An Insider's Look at Mormon Culture

Posts tagged ‘Santa and belief’

What Do You Think?

A recent blog by Tierza at Mormon Expressions deals with the problem of telling children about Santa. Tierza relates the Santa question to later questions her children will ask about religion and God.

I immediately agreed with the author’s solution—ask the child what she thinks. Upon reflection, however, I recall that “What do you think?” was essentially the answer my mother gave to my 8-year-old self—and it didn’t satisfy. I knew what I thought—and what I thought wasn’t what I wanted. I wanted positive affirmation that my thoughts were wrong—that Santa really existed—North Pole, reindeer, elves, and all.
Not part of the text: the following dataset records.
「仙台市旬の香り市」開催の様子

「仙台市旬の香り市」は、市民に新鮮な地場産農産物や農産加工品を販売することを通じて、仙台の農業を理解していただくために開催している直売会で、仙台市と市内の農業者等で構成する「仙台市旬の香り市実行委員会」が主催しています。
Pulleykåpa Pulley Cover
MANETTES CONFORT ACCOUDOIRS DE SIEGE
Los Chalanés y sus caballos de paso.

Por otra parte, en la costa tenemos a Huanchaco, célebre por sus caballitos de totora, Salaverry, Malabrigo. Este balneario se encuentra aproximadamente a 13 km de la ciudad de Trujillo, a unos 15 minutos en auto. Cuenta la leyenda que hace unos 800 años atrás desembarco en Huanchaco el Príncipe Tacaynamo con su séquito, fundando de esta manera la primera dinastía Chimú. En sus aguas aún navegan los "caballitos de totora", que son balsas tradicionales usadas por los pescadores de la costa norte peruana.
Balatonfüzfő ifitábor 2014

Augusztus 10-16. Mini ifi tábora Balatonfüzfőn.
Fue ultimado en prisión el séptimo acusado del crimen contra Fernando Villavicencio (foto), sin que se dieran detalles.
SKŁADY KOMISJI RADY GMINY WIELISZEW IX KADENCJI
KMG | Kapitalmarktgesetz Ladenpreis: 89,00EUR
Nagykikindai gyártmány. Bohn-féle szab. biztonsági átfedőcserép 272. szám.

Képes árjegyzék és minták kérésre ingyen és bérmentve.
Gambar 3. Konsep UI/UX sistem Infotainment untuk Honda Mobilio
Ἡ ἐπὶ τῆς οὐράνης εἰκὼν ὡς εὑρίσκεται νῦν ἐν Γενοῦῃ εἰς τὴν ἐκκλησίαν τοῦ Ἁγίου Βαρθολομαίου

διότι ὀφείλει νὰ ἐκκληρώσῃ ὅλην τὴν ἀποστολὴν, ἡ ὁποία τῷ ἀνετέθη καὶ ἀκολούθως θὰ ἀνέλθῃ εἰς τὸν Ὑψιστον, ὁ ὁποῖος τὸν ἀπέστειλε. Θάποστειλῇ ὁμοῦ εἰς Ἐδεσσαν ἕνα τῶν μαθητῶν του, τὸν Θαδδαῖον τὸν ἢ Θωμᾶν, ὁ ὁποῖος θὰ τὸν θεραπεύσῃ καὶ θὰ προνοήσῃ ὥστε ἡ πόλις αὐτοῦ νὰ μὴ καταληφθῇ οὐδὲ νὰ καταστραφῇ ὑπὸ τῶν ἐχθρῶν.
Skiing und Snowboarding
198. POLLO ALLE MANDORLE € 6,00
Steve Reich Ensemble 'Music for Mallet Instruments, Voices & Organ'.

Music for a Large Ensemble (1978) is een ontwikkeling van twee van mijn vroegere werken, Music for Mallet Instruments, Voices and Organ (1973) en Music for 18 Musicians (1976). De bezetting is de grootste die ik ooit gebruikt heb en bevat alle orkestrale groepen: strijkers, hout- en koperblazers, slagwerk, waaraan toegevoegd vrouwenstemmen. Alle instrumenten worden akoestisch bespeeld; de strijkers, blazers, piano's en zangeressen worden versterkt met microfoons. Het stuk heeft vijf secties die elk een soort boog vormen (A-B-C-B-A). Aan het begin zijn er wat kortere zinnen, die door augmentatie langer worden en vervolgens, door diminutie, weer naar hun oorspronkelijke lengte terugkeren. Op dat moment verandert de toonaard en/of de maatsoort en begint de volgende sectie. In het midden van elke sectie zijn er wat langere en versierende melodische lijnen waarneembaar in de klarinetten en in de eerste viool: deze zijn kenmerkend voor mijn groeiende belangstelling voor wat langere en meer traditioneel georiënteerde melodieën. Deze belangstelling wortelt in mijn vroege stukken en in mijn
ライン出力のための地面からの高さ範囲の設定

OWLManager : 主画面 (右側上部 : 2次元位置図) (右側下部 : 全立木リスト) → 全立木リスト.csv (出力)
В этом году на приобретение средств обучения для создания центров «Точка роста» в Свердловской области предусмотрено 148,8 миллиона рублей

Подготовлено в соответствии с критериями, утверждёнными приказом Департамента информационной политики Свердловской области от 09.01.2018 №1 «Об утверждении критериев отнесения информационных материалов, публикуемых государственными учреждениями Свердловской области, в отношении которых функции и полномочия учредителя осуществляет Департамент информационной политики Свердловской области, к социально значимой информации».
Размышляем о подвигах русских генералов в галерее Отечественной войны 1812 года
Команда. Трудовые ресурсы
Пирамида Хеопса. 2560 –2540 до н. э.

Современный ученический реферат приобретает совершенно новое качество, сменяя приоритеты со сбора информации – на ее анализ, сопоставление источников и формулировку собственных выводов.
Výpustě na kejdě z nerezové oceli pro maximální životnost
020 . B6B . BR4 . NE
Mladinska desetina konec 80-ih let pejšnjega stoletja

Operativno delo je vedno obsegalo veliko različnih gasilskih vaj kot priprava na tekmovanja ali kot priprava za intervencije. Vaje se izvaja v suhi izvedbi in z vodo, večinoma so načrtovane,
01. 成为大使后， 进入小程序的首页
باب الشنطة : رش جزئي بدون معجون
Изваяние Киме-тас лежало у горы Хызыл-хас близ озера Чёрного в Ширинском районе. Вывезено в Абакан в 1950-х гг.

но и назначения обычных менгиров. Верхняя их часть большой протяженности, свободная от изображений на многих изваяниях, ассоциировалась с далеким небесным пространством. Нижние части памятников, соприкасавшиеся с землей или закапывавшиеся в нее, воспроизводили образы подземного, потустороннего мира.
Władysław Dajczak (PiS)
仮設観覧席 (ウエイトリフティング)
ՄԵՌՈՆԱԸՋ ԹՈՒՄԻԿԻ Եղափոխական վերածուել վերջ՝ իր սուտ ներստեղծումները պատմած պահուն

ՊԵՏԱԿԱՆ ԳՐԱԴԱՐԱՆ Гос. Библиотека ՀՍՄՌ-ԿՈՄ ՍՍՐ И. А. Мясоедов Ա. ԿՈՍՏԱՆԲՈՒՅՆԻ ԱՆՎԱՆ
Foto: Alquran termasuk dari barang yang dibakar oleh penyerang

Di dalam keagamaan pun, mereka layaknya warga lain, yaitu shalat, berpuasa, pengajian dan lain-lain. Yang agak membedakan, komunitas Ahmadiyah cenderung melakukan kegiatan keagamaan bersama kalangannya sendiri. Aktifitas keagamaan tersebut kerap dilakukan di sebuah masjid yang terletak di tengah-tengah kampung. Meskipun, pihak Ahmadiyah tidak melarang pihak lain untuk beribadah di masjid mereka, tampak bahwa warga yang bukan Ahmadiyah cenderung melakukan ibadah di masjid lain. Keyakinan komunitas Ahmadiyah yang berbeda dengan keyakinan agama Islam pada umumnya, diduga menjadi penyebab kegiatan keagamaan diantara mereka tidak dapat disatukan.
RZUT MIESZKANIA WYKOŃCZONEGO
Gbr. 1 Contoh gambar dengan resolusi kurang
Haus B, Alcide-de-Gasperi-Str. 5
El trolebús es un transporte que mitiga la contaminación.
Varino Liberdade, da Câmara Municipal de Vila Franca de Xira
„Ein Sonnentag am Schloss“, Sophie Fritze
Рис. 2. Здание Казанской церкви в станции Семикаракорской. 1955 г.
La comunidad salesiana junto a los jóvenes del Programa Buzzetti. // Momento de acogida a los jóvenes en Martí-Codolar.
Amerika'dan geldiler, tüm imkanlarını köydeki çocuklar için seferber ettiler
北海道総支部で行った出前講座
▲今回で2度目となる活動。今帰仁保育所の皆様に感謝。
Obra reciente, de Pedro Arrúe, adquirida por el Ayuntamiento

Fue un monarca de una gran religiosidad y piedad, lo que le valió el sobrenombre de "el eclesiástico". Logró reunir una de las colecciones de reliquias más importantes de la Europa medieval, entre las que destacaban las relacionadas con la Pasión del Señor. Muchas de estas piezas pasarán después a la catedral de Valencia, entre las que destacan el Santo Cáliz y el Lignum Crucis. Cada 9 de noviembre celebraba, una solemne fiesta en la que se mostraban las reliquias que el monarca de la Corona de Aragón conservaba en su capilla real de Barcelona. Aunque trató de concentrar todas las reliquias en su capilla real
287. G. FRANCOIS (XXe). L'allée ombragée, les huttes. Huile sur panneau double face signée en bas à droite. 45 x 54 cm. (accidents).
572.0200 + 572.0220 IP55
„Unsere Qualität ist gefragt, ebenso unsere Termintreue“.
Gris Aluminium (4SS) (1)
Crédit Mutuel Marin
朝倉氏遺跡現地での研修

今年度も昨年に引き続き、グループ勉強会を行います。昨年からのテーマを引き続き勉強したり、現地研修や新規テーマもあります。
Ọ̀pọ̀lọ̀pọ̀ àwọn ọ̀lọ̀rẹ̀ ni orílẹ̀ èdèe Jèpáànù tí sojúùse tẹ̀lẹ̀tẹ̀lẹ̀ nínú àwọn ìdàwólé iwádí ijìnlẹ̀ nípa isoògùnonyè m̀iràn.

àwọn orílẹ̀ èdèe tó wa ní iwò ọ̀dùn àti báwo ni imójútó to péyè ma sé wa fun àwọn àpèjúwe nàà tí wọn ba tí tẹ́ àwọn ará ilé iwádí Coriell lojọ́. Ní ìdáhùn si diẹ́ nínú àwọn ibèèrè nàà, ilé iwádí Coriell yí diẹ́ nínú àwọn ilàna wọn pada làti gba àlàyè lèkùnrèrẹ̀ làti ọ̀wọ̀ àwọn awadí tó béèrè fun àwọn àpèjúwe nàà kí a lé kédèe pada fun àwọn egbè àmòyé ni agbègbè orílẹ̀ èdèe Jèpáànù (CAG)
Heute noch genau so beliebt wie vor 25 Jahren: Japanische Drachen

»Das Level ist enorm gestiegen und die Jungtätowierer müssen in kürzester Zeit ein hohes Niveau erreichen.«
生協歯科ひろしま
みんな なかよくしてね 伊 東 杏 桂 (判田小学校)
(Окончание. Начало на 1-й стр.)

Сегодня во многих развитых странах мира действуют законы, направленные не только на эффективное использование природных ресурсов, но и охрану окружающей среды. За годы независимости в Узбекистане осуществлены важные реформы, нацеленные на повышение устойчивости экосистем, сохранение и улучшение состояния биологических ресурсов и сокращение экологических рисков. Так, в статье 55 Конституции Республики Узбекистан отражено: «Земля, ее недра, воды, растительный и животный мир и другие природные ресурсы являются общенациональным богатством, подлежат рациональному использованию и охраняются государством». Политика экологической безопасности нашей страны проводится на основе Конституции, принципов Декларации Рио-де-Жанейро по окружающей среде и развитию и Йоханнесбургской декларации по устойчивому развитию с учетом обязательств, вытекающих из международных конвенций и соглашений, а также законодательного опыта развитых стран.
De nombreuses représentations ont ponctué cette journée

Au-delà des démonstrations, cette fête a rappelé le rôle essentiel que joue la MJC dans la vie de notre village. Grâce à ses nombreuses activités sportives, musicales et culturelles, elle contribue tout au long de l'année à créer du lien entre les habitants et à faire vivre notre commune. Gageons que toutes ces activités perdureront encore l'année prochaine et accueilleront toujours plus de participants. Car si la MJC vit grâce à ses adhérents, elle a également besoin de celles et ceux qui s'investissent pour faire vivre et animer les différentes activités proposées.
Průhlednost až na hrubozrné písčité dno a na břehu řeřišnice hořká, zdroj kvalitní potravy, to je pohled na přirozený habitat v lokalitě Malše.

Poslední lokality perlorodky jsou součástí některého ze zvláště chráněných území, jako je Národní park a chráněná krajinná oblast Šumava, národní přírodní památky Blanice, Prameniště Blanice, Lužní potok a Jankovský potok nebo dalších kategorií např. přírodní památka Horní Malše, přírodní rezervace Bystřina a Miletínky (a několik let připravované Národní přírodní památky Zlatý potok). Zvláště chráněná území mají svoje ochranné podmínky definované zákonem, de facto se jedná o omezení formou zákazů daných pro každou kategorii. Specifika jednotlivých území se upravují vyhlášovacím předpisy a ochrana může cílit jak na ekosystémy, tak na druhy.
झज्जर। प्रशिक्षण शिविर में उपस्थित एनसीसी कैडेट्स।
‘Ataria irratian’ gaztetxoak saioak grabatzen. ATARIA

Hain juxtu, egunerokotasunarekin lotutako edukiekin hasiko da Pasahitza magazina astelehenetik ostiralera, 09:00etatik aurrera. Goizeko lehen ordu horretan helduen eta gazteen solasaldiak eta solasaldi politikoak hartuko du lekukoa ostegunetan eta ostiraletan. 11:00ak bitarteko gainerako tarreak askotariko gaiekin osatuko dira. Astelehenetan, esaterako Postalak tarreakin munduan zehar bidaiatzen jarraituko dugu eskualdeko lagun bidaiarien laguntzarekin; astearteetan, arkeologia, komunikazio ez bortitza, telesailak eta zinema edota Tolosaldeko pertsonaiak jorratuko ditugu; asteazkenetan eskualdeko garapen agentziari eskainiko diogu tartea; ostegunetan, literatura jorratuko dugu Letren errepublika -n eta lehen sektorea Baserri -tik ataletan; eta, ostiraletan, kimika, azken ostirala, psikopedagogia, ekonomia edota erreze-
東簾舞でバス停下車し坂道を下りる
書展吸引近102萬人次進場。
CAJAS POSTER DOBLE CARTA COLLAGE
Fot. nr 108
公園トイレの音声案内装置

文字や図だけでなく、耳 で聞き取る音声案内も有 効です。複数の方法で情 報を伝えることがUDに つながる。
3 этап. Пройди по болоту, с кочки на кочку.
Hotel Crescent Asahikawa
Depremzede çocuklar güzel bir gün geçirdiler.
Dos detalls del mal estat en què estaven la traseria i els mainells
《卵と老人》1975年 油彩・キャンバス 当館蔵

I entertained doubts about some of the things I heard at church throughout my teens and early 20s. But— when my first child arrived, I needed certainty that I would have the help and guidance necessary to raise this perfect child. The Church provided that. Every week lessons and talks testified that God lives, loves me and my children, and answers every righteous prayer. It was a great strength in an unsure world.

In later years I’m inclined to think the testimonies heard at church are much like the positive affirmations well-meaning parents give to children about Santa—the difference being that people testifying of religious truths actually believe what they tell others.

Belief in Santa makes children happy. Belief in religious teachings comforts and strengthens many adults. Does it matter if the things we believe are literally true?

Yes, Virginia

Friday night we babysat the grandkids while their parents attended a temple session. After the first hour, we plopped onto the sofa and turned on the TV for animated relief from hide and seek and reading stories. The kiddie version of Yes Virginia, There Is a Santa Claus was an insipid take off on the classic editorial, but we were too pooped to care. The real message of the original,  that Santa ”exists as certainly as love and generosity and devotion exist. . . they abound and give to your life its highest beauty and joy,” was an afterthought in the dreary film, but George and I enjoyed the sentiment.

“Granddad and I saw Santa Claus in Murray last week,” I told the skeptical 7-year-old.


“At the intersection of State Street and 4500 South. A car stalled in the intersection and three or four young men stopped their cars and trucks, set their flashers blinking, and ran over to push the stalled car out of traffic.”

“That wasn’t Santa Claus.”

“It was love and generosity. That’s the same thing.”

Of course, the grandkids didn’t get it, but witnessing these young men take time to help a stranger refreshed George’s and my belief in the basic goodness and humanity of ordinary people in a world where the unscrupulous and greedy too often dominate the conversation.